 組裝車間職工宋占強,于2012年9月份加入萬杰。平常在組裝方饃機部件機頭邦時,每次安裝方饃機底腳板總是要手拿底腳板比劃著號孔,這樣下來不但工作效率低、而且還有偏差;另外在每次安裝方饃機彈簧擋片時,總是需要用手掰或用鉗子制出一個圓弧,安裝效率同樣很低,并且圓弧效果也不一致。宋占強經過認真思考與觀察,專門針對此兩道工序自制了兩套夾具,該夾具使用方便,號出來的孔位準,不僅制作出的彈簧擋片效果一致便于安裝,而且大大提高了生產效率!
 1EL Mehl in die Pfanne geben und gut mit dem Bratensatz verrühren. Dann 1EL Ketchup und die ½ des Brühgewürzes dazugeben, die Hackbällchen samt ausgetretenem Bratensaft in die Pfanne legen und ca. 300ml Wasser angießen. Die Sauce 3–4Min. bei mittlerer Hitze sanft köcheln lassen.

=======

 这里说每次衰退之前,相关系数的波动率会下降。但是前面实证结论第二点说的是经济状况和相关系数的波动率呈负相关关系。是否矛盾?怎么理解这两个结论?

=======

- **Instructions for the task**:
Using the records above, restate word for word the lines from the one with "組裝車間職工宋占強,于201" through the one with "1EL Mehl in", both included.

- **Task response**:
 組裝車間職工宋占強,于2012年9月份加入萬杰。平常在組裝方饃機部件機頭邦時,每次安裝方饃機底腳板總是要手拿底腳板比劃著號孔,這樣下來不但工作效率低、而且還有偏差;另外在每次安裝方饃機彈簧擋片時,總是需要用手掰或用鉗子制出一個圓弧,安裝效率同樣很低,并且圓弧效果也不一致。宋占強經過認真思考與觀察,專門針對此兩道工序自制了兩套夾具,該夾具使用方便,號出來的孔位準,不僅制作出的彈簧擋片效果一致便于安裝,而且大大提高了生產效率!
 1EL Mehl in die Pfanne geben und gut mit dem Bratensatz verrühren. Dann 1EL Ketchup und die ½ des Brühgewürzes dazugeben, die Hackbällchen samt ausgetretenem Bratensaft in die Pfanne legen und ca. 300ml Wasser angießen. Die Sauce 3–4Min. bei mittlerer Hitze sanft köcheln lassen.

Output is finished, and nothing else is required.